Анна Никольская - Апокалипсис Антона Перчика
— Ты все, закончил? Отличная речь, — он опять ухмыльнулся. — А теперь послушай. Во-первых, возвращаться в госпиталь очень опасно. Ты сам видел, что там сейчас творится на дороге. А во-вторых, в полевых условиях вертолет не подлежит ремонту. Я был там три дня назад, все проверил. Оба двигателя вышли из строя, неисправен главный редуктор. Верхний крепеж лопастей полетел. Так что твой план, увы, отпадает. Есть еще какие-нибудь идеи? Подумай.
Блин, это квест, что ли?
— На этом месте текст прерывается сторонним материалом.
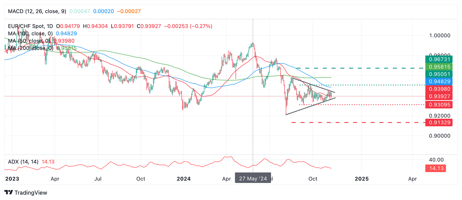 EUR/CHF Price Forecast: Triangle pattern completing, breakout to follow
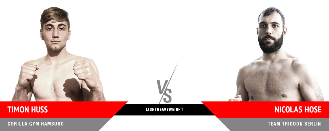 Der Berliner Nicolas Hose und der Hamburger Timon Huss lassen in Hannover die Fäuste fliegen. Die beiden Halbschwergewichtskämpfer sollten bereits im Herbst 2022 in Berlin aufeinandertreffen. Huss, der frisch gebackene deutsche Meister im Amateur-MMA vom Gorilla Gym Hamburg musste seiner Zeit leider krankheitsbedingt kurzfristig absagen. Nicolas Hose machte aus der Not eine Tugend, nahm spontan einen Ersatzgegner an und feierte vor eigenen Publikum einen überzeugenden Erstrundensieg. Nun steht endlich das ursprüngliche Duell der beiden Kontrahenten an.
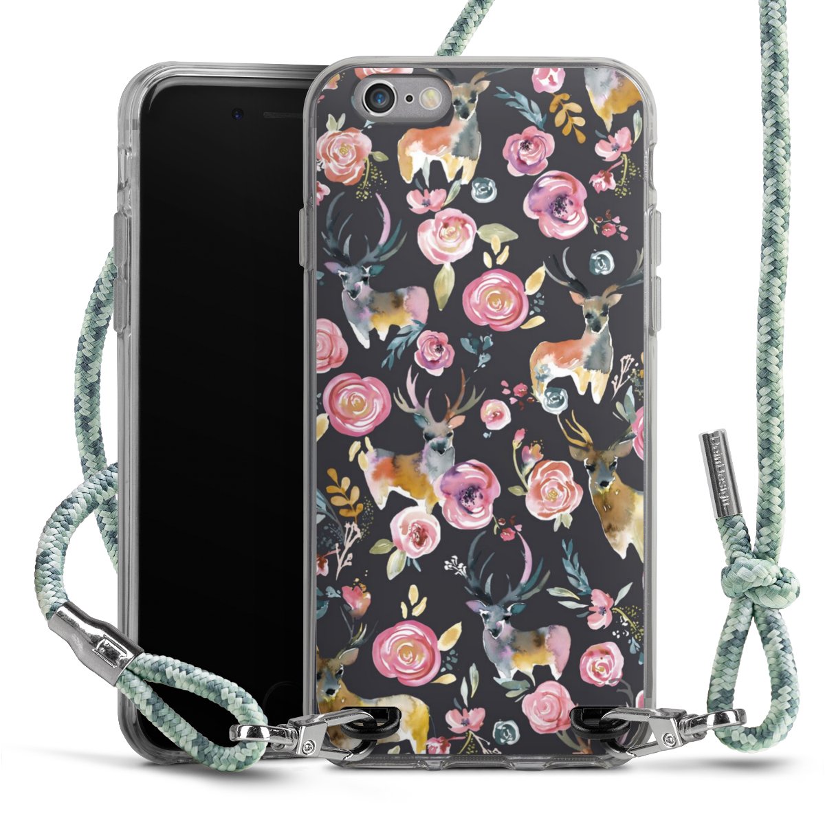 The flexible case is made from a highquality TPU material (thermoplastic Polyurethan). Thanks to its longlasting and break resistant characterisitcs, the case is flexible yet consistent in form and has a great grip and feel. The textile strap made from Polyester gives a chic yet casual accent allowing you to carry your phone like a bag or necklace - a practical gadget perfect for your next adventure. The textile strap is about 1.70 meters long and the length can easily be adjusted through the knots. Our Carry Case is available in Colourful, Mint-Camouflage, Very-Berry, Sahara-Sand and Sparkling-Neon. The ends of the textile strap are covered with metallic end caps to protect them against fraying.

Типа «Убей уродов четырьмя разными способами и выберись из ловушки, используя силу мысли»?
— Может, попробовать пешком выбираться? — Не знаю, зачем я вообще это сказал. Сам прекрасно понимал, чем эта прогулка может обернуться.
Я покачал головой. Он смотрел на меня как-то с сожалением. С разочарованием даже. На меня так отец все время смотрит. Раньше смотрел.
— Есть у меня одна мыслишка, но… Не знаю — опасно очень. — Колокольцев вытер бороду полотенцем и закурил.
— Какая мыслишка?
— В сельской управе — она от нас через четыре дома — есть переносная радиостанция. Можно попробовать выйти на связь. Девятый канал должен работать, аварийный — это служба спасения.
— Так что же вы молчали? — Я аж подпрыгнул там у него за столом. — Это наш шанс! Можно сказать, единственный!
— В управе полным-полно зараженных. Они там кишмя кишат, — дядя Семен теперь в окно смотрел, через приоткрытую ставню. — В здании сначала базировались военные — это в первые еще дни. А потом, как в госпитале мест перестало хватать, там оборудовали очередной изолятор. Последнюю партию больных перед началом эвакуации туда перевезли. Думали, временно. Их по кабинетам распределяли, группами по десять человек — стелили прямо на полу. Но серьезных мер безопасности принято на самом деле не было. Так — окна-двери наспех потом заколотили до лучших времен. А сейчас кто их знает, выбрались они, нет? По ночам их слышно, смеются. Мне их смех — что острый нож к горлу, слышал когда-нибудь? Я каждую ночь теперь слушаю. Тех, которые в лесу днюют, туда как магнитом тянет, когда стемнеет.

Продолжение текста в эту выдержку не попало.